## Exercise instructions:
Down to the last line, reproduce the data that follows, but skip the pictures.
══ Data below ══
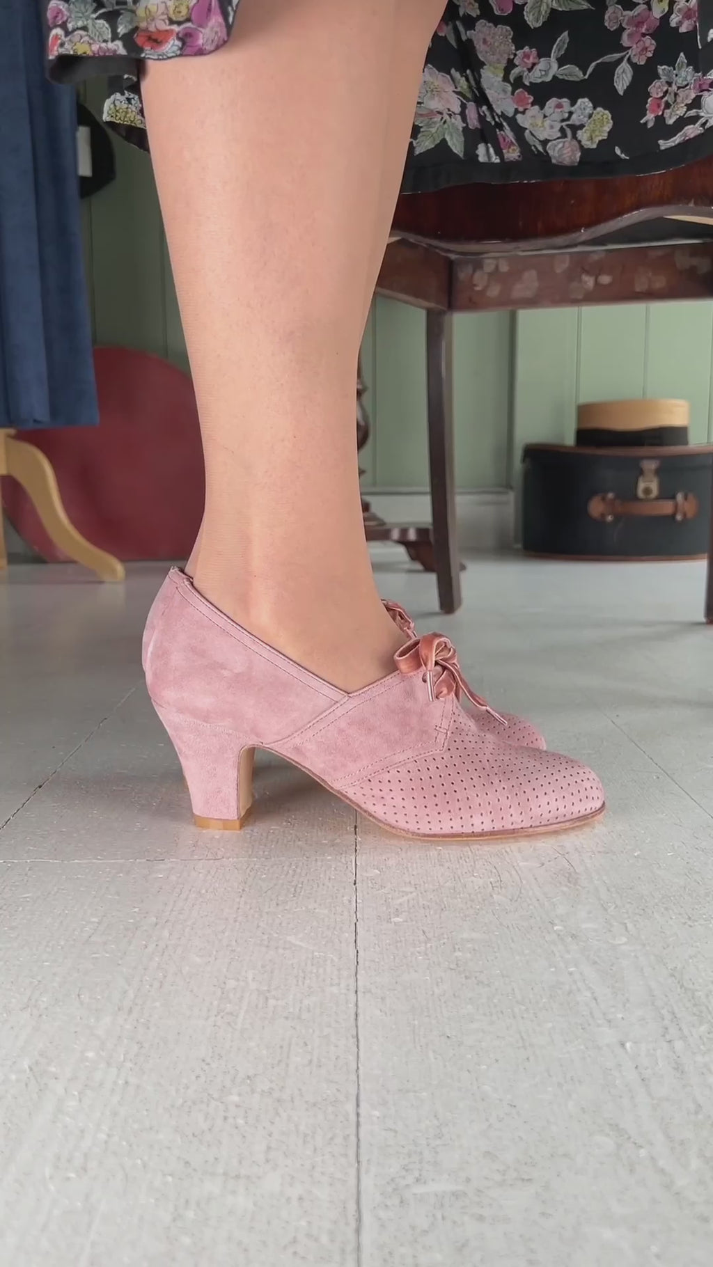 1940'er pumps i ruskind med snøre og hulmønster - Powder Rose - Esther
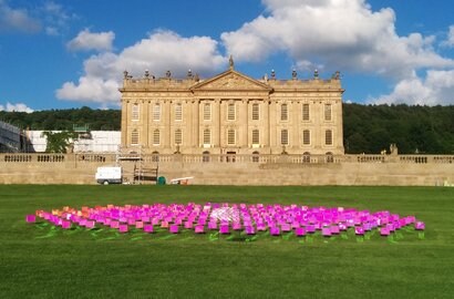 Artist Andrew Lee has created a stunning installation for the RHS Chatsworth Flower Show that features 201 flags covered in 3M™ Dichroic Film as its centerpiece.
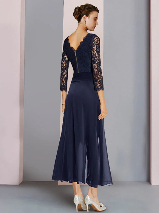 Regular price $139.99 USDRegular priceUnit price / per$219.99 USDSale price $139.99 USDSaleTwo Piece Sheath / Column Mother of the Bride Dress Formal Wedding Guest Elegant V Neck Knee Length Chiffon Lace 3/4 Length Sleeve
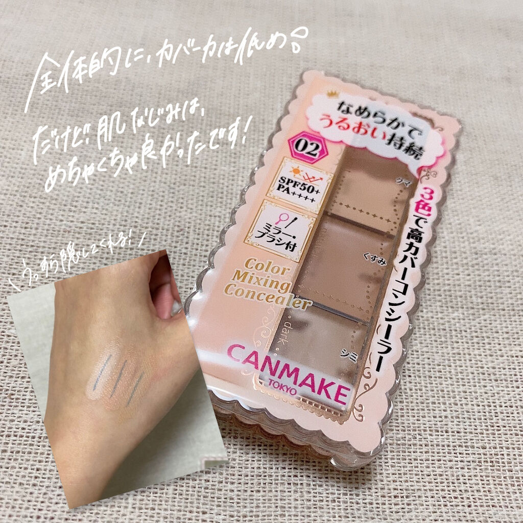 3色入りなので悩み別に使い分けができます☺️ 手頃なお値段なのに鏡、ミックススペース、ブラシがついています𖧷 カバー力はそこそこあります🙆♀️ 固すぎず使いやすいですが、若干乾燥で粉吹いてくるのでメイク前の保湿はしっかりする必要があります
═══
## Your response:
 1940'er pumps i ruskind med snøre og hulmønster - Powder Rose - Esther
 Artist Andrew Lee has created a stunning installation for the RHS Chatsworth Flower Show that features 201 flags covered in 3M™ Dichroic Film as its centerpiece.
 Regular price $139.99 USDRegular priceUnit price / per$219.99 USDSale price $139.99 USDSaleTwo Piece Sheath / Column Mother of the Bride Dress Formal Wedding Guest Elegant V Neck Knee Length Chiffon Lace 3/4 Length Sleeve
 3色入りなので悩み別に使い分けができます☺️ 手頃なお値段なのに鏡、ミックススペース、ブラシがついています𖧷 カバー力はそこそこあります🙆♀️ 固すぎず使いやすいですが、若干乾燥で粉吹いてくるのでメイク前の保湿はしっかりする必要があります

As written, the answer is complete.